Penso che tutti questi interventi siano utili. Vanno certamente coordinati e inseriti in una programmazione ampia, per non dire globale. Però per me, il grande problema che attualmente affligge l'Africa come continente, ma anche altre zone del sud del mondo, dei paesi in via di sviluppo, è quello di un’ingiustizia globale circa l'accesso alle risorse e il commercio internazionale. Ci sono paesi che vengono sfruttati. Ci sono paesi che non hanno voce in capitolo quando si tratta di difendere i loro diritti; che non possono competere con gli altri: sono sopraffatti da chi ha più forza, da chi ha potenza, da chi dirige, da chi gestisce la finanza mondiale. Per cui soccombono. Le ricchezze vengono rapinate; vengono spartite attraverso la corruzione con i poteri locali; e la popolazione purtroppo resta sempre nella povertà che conosciamo. Bisogna uscire da questa situazione. Solo una forte volontà politica, una governance mondiale veramente sicura e decisa, può assolvere a questo compito.
Ma se non si fa questo, il futuro sarà veramente problematico, all'insegna dell'incognita. Già lo notiamo con le migrazioni, con questi flussi migratori: è chiaro che le popolazioni svantaggiate lasceranno le loro terre e andranno verso i paesi ricchi. Diventerà un grandissimo problema. Notiamo come in Africa ci siano ancora oggi zone di carestia di grande rilevanza, come nel Sud Sudan; ci sono zone di siccità, come nel Sahel, nei territori accanto al lago Ciad; ci sono situazioni di guerra che si potrebbero risolvere se ci fosse un intervento veramente coordinato da parte della comunità internazionale. Ci vuole più volontà politica, più determinazione, e i paesi ricchi devono abbandonare quest’idea dell'accaparramento delle risorse, del mantenere uno standard di vita che è superiore alle possibilità che la Terra ci può offrire in questo momento.

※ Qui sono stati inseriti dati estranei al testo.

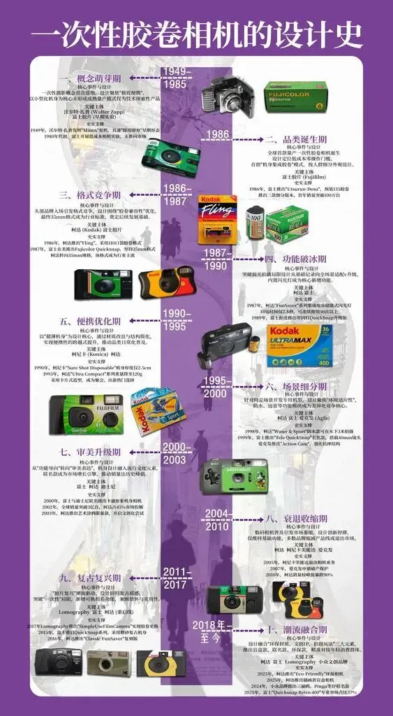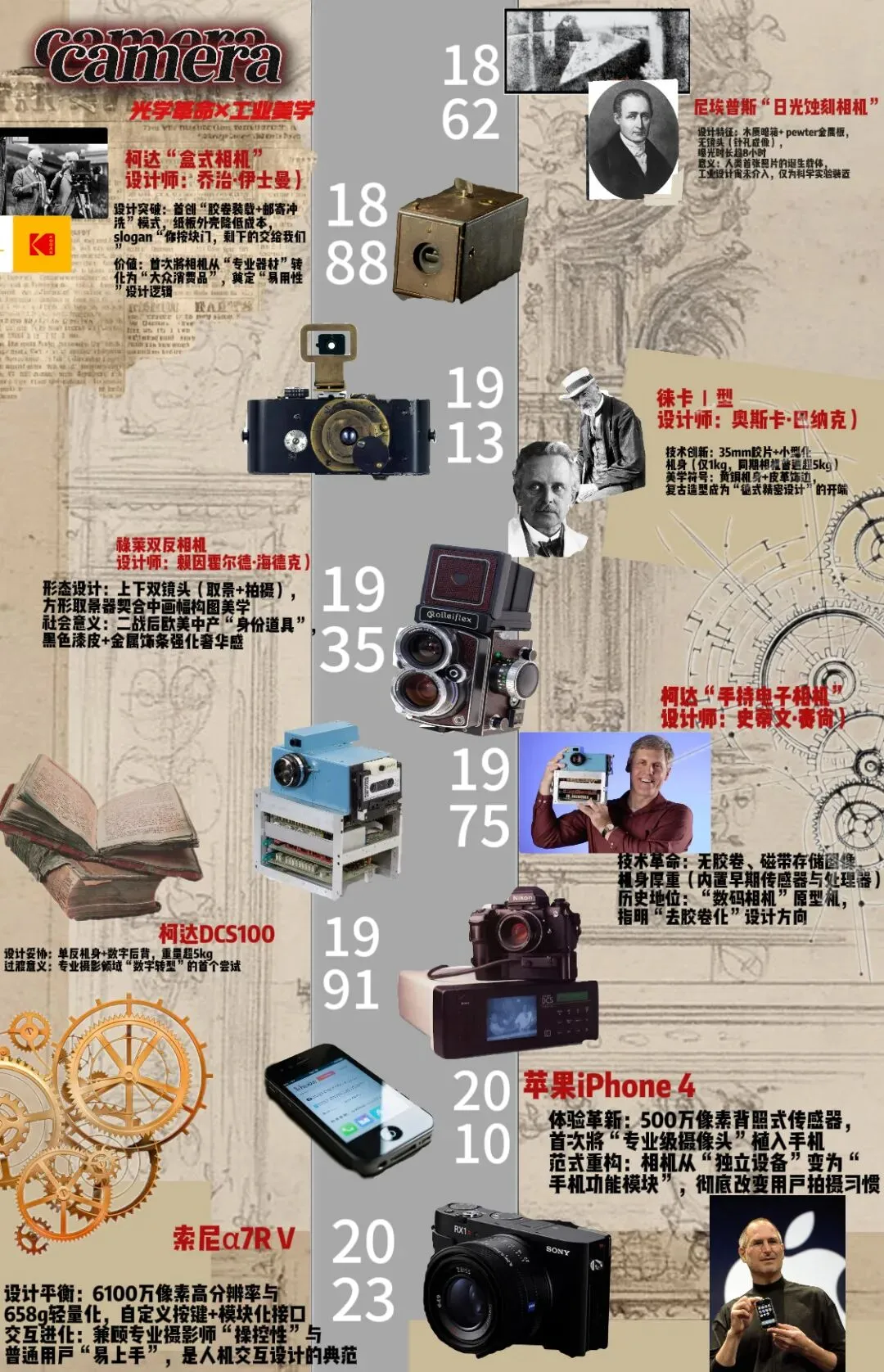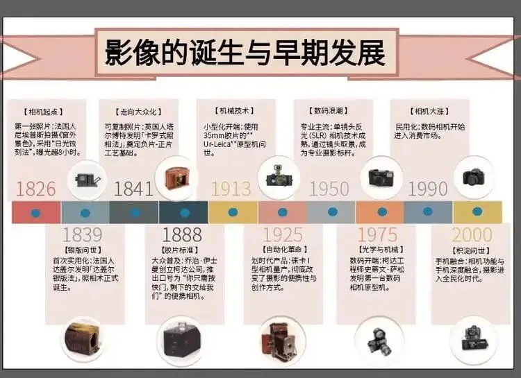 完成这张“影像的诞生与早期发展”设计史图谱,让我对工业设计史有了更鲜活的认知。过去我只将相机看作一件工具,如今通过梳理从1826年第一张照片问世到2000年手机摄影普及的完整脉络,我清晰看到技术迭代与设计思维如何相互成就——从达盖尔银版法的笨重复杂,到徕卡小型化的便携突破,再到数码相机的技术革新,每一步都是功能与美学的平衡。

Lei in passato ha frequentato le missioni rogazioniste in Congo e in Ruanda; poi c'è stata la tragica stagione del genocidio e in seguito la ricostruzione. Qual è la presenza dei rogazionisti, oggi, in quelle terre?

I rogazionisti sono presenti in Africa, nel Ruanda, sin dal 1978. Poi sono presenti nel Camerun e recentemente anche in Angola. Siamo stati nel Congo durante il periodo della crisi ruandese, tra il 1994 e il 1996; abbiamo abbandonato i territori dall'est Congo, vicino al Ruanda, per via dell’insicurezza e della guerra che poi è scoppiata. Vorremmo anche tornarci, pensiamo di ritornarci, e ci stiamo preparando per questo passo. Ci auguriamo che in un prossimo futuro si possa realizzare questo sogno.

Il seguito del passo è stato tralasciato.